Model-Agreement-Aware Multi-Objective Optimization for High-Frequency Transformers in EV Onboard Chargers


Kırcıoğlu O., Çamur S.

ENERGIES, vol.19, no.4, pp.1000, 2026 (Scopus)

  • Publication Type: Article / Article
  • Volume: 19 Issue: 4
  • Publication Date: 2026
  • Doi Number: 10.3390/en19041000
  • Journal Name: ENERGIES
  • Journal Indexes: Scopus, Compendex, INSPEC, Directory of Open Access Journals
  • Page Numbers: pp.1000
  • Kocaeli University Affiliated: Yes

Abstract

Developments in electric vehicle (EV) technology are pushing on-board chargers (OBCs) toward higher power density and efficiency, making high-frequency transformer loss prediction a critical design bottleneck. However, the accuracy of commonly used analytical winding-loss models varies strongly with frequency, conductor type (Litz/solid), window fill factor, and winding layout (e.g., interleaved), which can render single-model-based optimization unreliable. In this study, six analytical copper-loss models from the literature were independently reimplemented in a unified Python 3.11.5 workflow with a standardized interface to enable fair comparison under identical geometry and operating conditions. The models were benchmarked against 2D finite-element simulations on test scenarios with increasing physical complexity, including high fill-factor Litz windings and interleaved arrangements. The results confirm a regime-dependent behavior: no single model consistently outperforms others across the full design space, and model dispersion increases in geometrically stressed and higher-frequency regions.

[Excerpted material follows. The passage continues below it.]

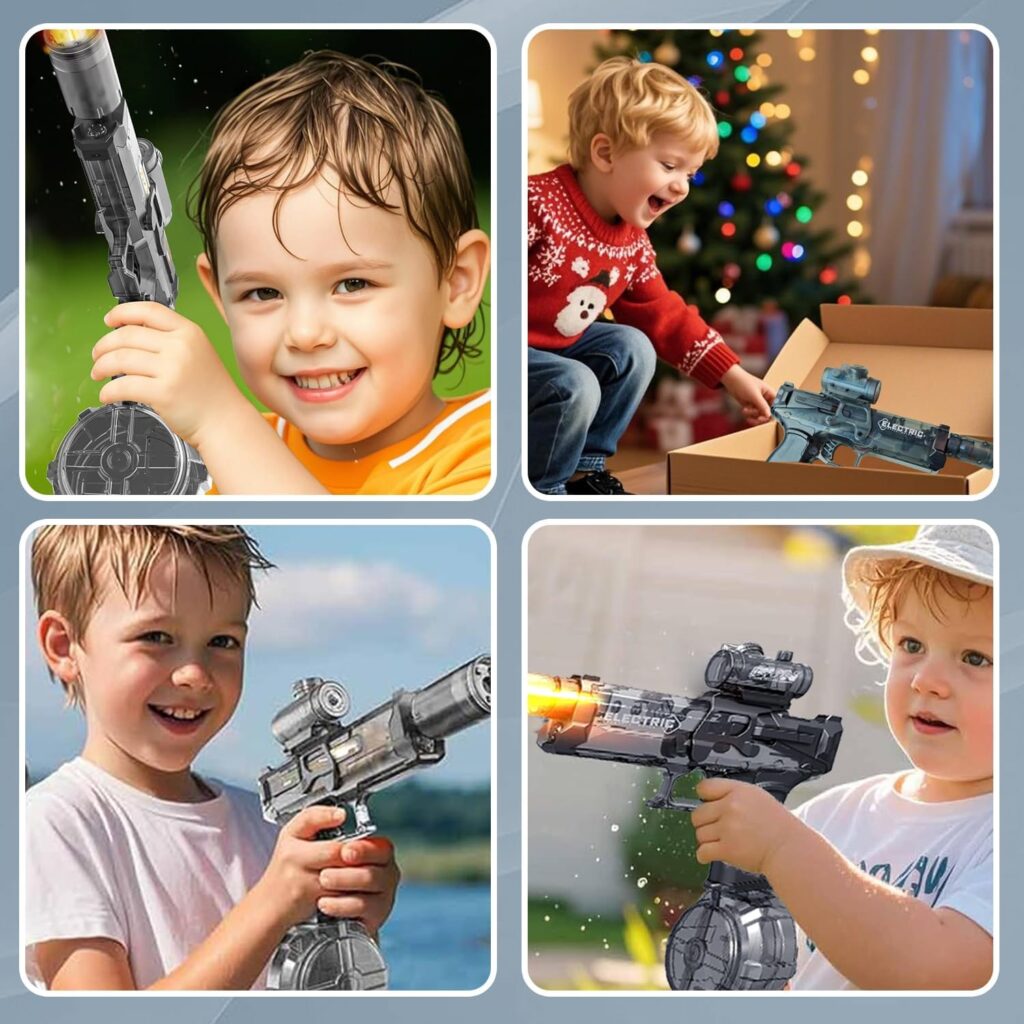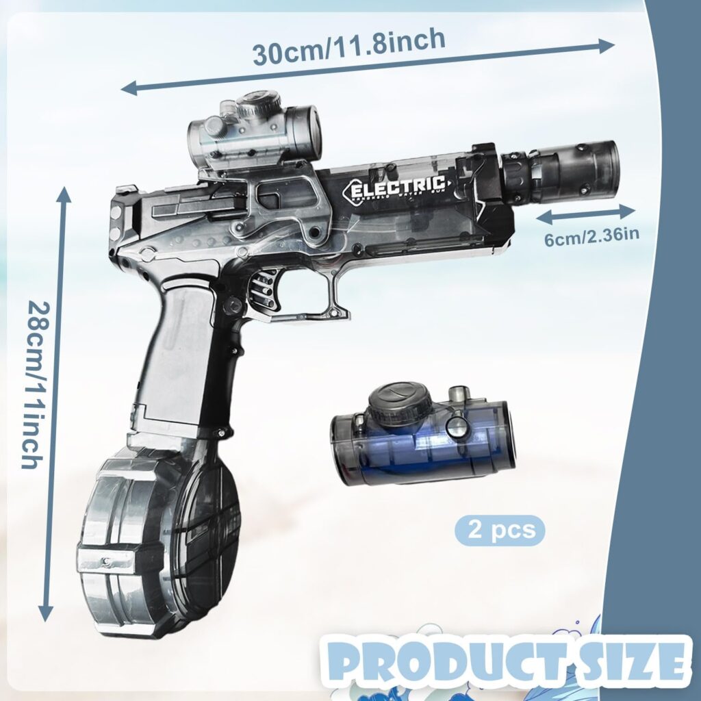 🏖️ Giocattoli Estivi Perfetti: Il giocattolo estivo ideale per piscina, spiaggia e attività all’aperto. Un regalo perfetto per bambini e adulti per rinfrescarsi durante l’estate. (Attenzione: non immergere la pistola in acqua per proteggere i componenti elettronici!)

To manage this uncertainty, variance maps were generated and model disagreement was quantified using the coefficient of variation (CV). Finally, a reliability-oriented multi-objective optimization framework based on NSGA-II was developed, where a SmartTransformerRouter selects a reference loss estimate per candidate and CV is incorporated via constraints/penalties, with optional FEM triggering in high-uncertainty regions.